Top of Dataset content
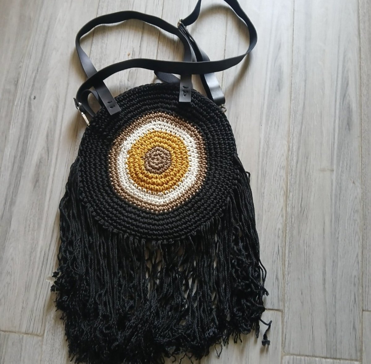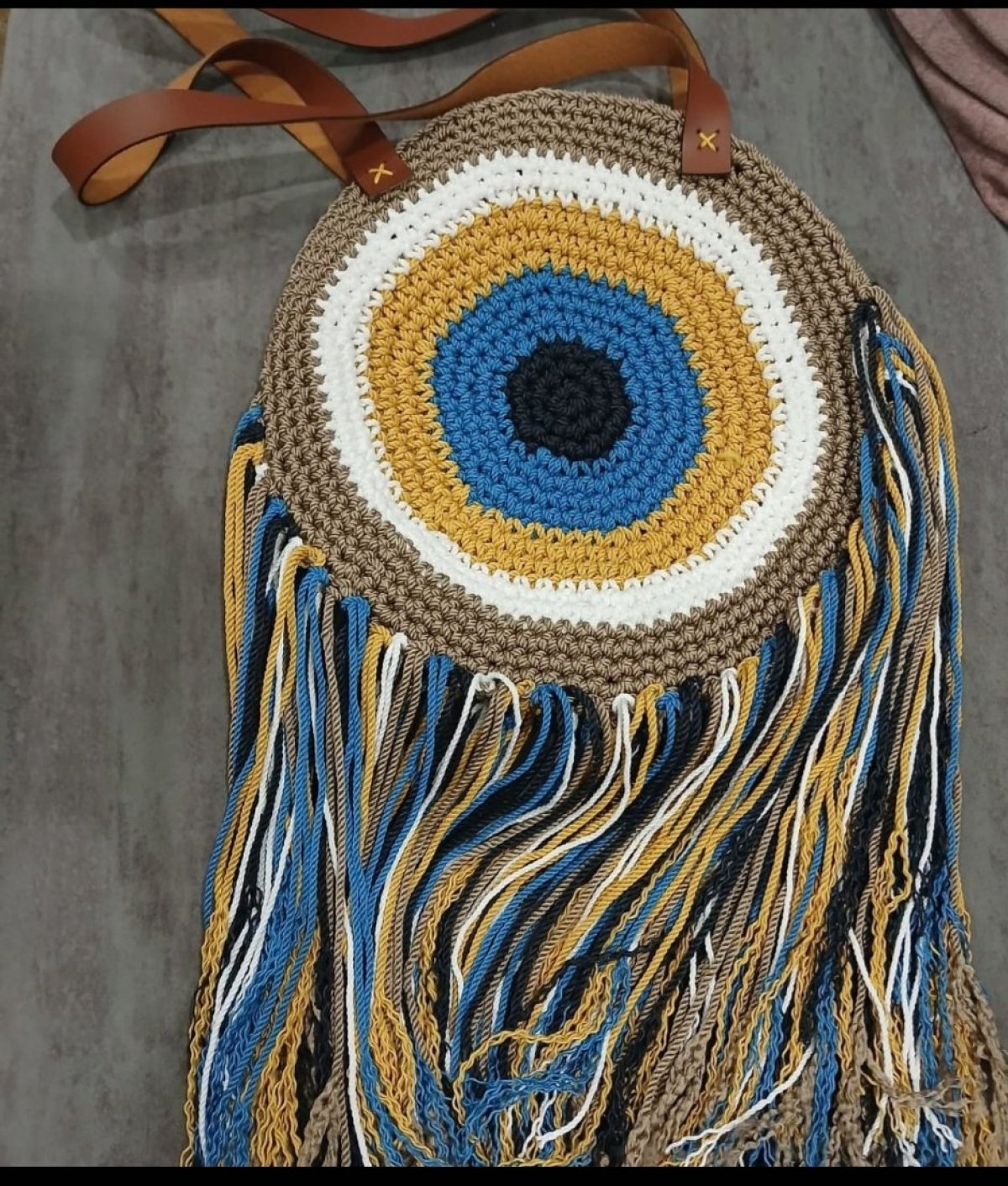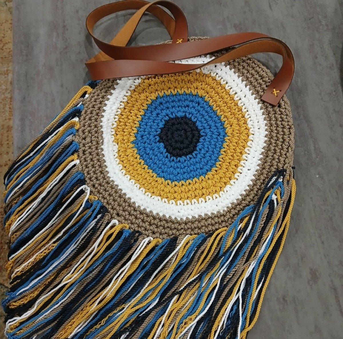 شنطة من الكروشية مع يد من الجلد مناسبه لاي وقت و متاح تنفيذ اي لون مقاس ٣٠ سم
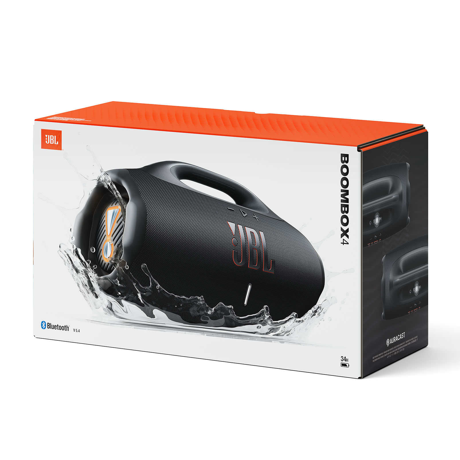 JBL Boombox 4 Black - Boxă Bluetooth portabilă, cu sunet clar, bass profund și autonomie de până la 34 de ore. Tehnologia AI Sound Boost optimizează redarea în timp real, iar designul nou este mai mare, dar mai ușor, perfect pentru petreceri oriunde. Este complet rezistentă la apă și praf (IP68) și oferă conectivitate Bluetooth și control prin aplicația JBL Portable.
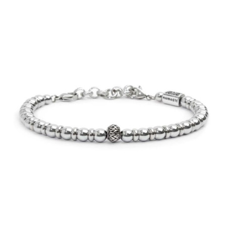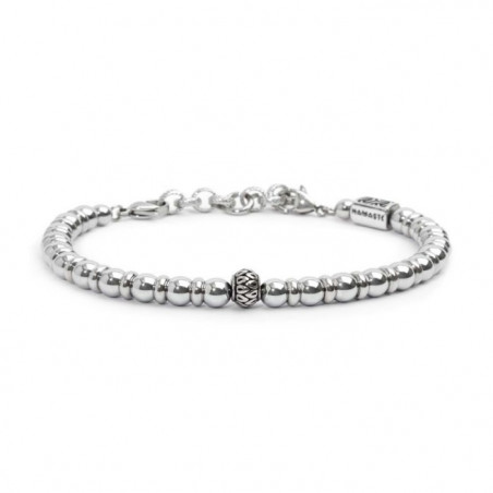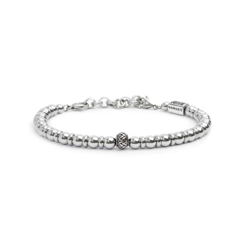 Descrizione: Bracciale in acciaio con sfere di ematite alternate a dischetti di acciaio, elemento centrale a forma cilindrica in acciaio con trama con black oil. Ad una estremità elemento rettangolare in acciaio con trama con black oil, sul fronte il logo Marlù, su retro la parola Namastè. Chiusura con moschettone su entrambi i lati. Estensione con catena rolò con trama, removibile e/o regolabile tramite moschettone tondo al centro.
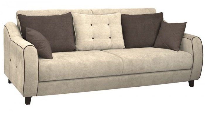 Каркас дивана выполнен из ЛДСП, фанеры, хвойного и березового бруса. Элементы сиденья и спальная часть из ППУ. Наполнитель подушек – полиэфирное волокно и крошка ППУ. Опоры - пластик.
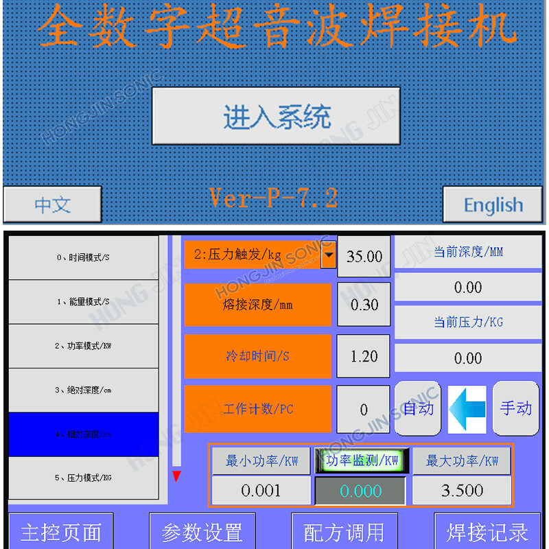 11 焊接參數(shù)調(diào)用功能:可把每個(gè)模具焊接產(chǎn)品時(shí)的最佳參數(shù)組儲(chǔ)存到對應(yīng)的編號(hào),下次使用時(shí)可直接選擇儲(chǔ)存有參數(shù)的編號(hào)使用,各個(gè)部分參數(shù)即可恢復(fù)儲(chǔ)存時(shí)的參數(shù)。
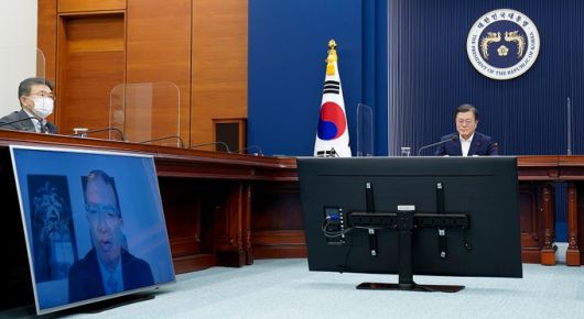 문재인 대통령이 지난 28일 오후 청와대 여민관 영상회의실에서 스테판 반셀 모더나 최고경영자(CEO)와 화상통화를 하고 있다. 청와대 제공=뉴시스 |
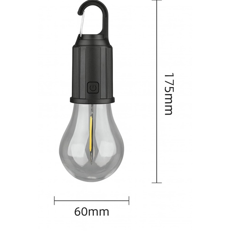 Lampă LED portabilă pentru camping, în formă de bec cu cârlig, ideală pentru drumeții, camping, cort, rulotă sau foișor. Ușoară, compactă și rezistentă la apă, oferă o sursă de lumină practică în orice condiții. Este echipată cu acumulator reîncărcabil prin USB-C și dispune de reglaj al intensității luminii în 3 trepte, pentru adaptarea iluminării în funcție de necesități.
Bottom of Dataset content
- Task to complete
Output exactly, and only, the lines of the entries above from the one with "Каркас дивана выполнен" up to and including the one with "문재인 대통령이 지난"; pictures are to be left out.

- Exercise result
 Каркас дивана выполнен из ЛДСП, фанеры, хвойного и березового бруса. Элементы сиденья и спальная часть из ППУ. Наполнитель подушек – полиэфирное волокно и крошка ППУ. Опоры - пластик.
 11 焊接參數(shù)調(diào)用功能:可把每個(gè)模具焊接產(chǎn)品時(shí)的最佳參數(shù)組儲(chǔ)存到對應(yīng)的編號(hào),下次使用時(shí)可直接選擇儲(chǔ)存有參數(shù)的編號(hào)使用,各個(gè)部分參數(shù)即可恢復(fù)儲(chǔ)存時(shí)的參數(shù)。
 문재인 대통령이 지난 28일 오후 청와대 여민관 영상회의실에서 스테판 반셀 모더나 최고경영자(CEO)와 화상통화를 하고 있다. 청와대 제공=뉴시스 |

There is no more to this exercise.